Went and cut this load up today. Not a lot. Cherry burl, cherry crotch, osage, and a few pieces of white cedar for a buddy to make fishing lures. Have a few cherry and a few osage logs to get later on and sawed

Reactions: Like 3 | Way Cool 4


----------



## Karl_TN (Mar 6, 2021)

Any haul that includes a burl is a nice one especially with all the other cherry to boot.

Reactions: Agree 3


----------



## T. Ben (Mar 6, 2021)

Nice thumb.

Reactions: Agree 1 | Funny 2


----------



## FranklinWorkshops (Mar 6, 2021)

T. Ben said:


> Nice thumb.


Are you sure that's his thumb?
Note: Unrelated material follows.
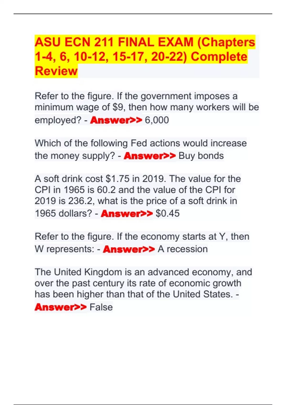 ASU ECN 211 FINAL EXAM (Chapters 1-4, 6, 10-12, 15-17, 20-22) Complete Review
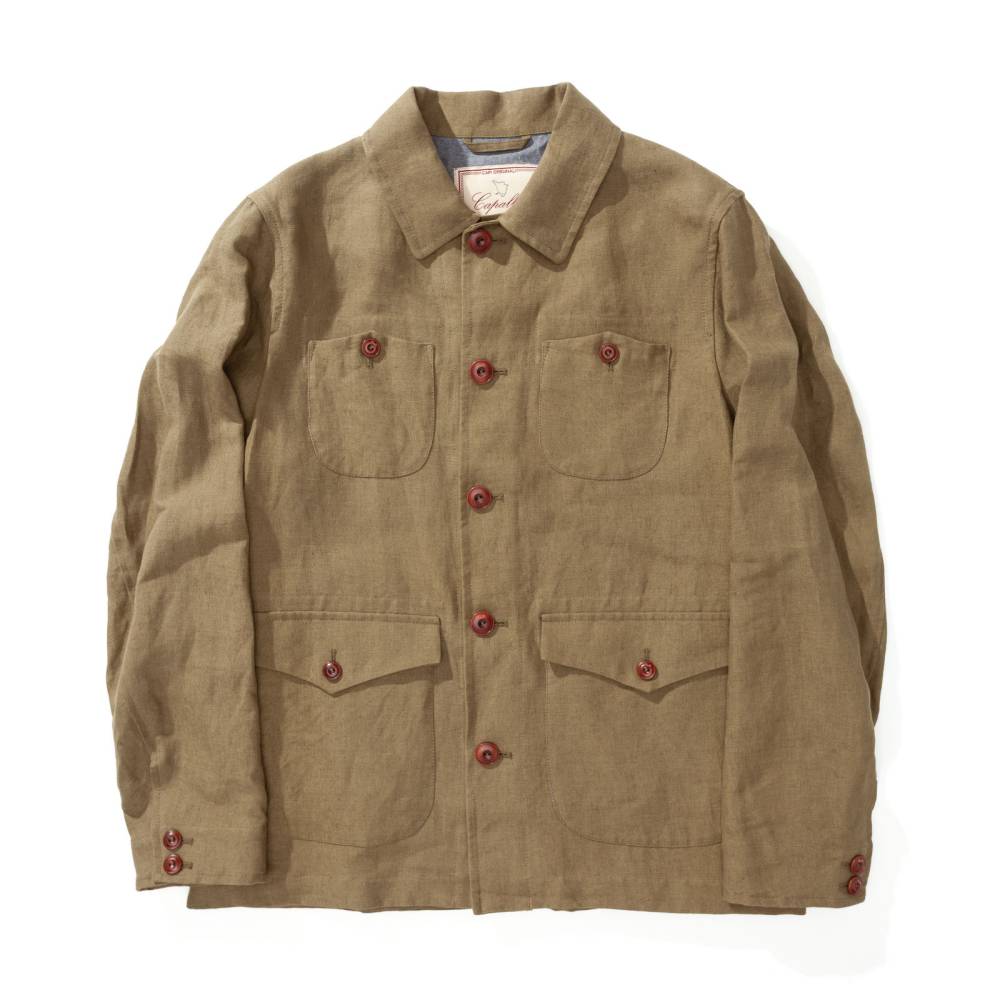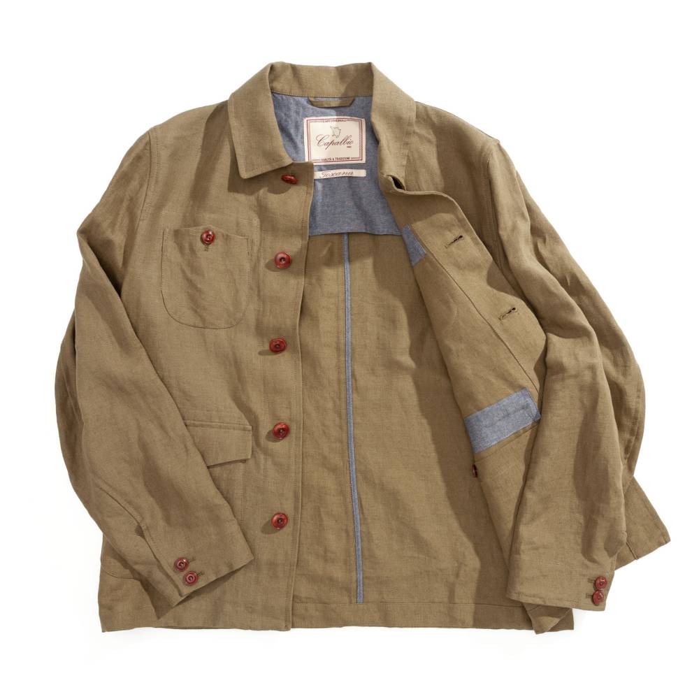 Льняная куртка-пиджак Morganti от тосканского бренда Capalbio — это искусное сочетание утилитарного стиля и средиземноморской элегантности. Модель зеленого оттенка выполнена из натурального льна, который обеспечивает исключительный комфорт и приятную прохладу в теплое время года. Дизайн куртки переосмысляет классический силуэт сафари: четыре накладных кармана на пуговицах не только служат практичным решением для хранения вещей, но и формируют выразительный визуальный характер изделия. Свободный крой позволяет легко интегрировать куртку в расслабленные летние образы с легкими чиносами, поло или льняными рубашками.

He seems pretty excited about the load.

Reactions: Funny 6


----------



## Eric Rorabaugh (Mar 6, 2021)



Reactions: Funny 1


----------



## Mr. Peet (Mar 6, 2021)

Looks like a spring day there. Jealous...


----------



## Eric Rorabaugh (Mar 6, 2021)

Decent. Started out in the 20's and breezy but ended up at 42

Reactions: Like 1


----------



## Nature Man (Mar 6, 2021)

A pickup load of wood is a wonderful sight! Chuck

Reactions: Agree 1


----------



## William Tanner (Mar 6, 2021)

Great score. Love looking at loaded wood.

Reactions: Agree 1


----------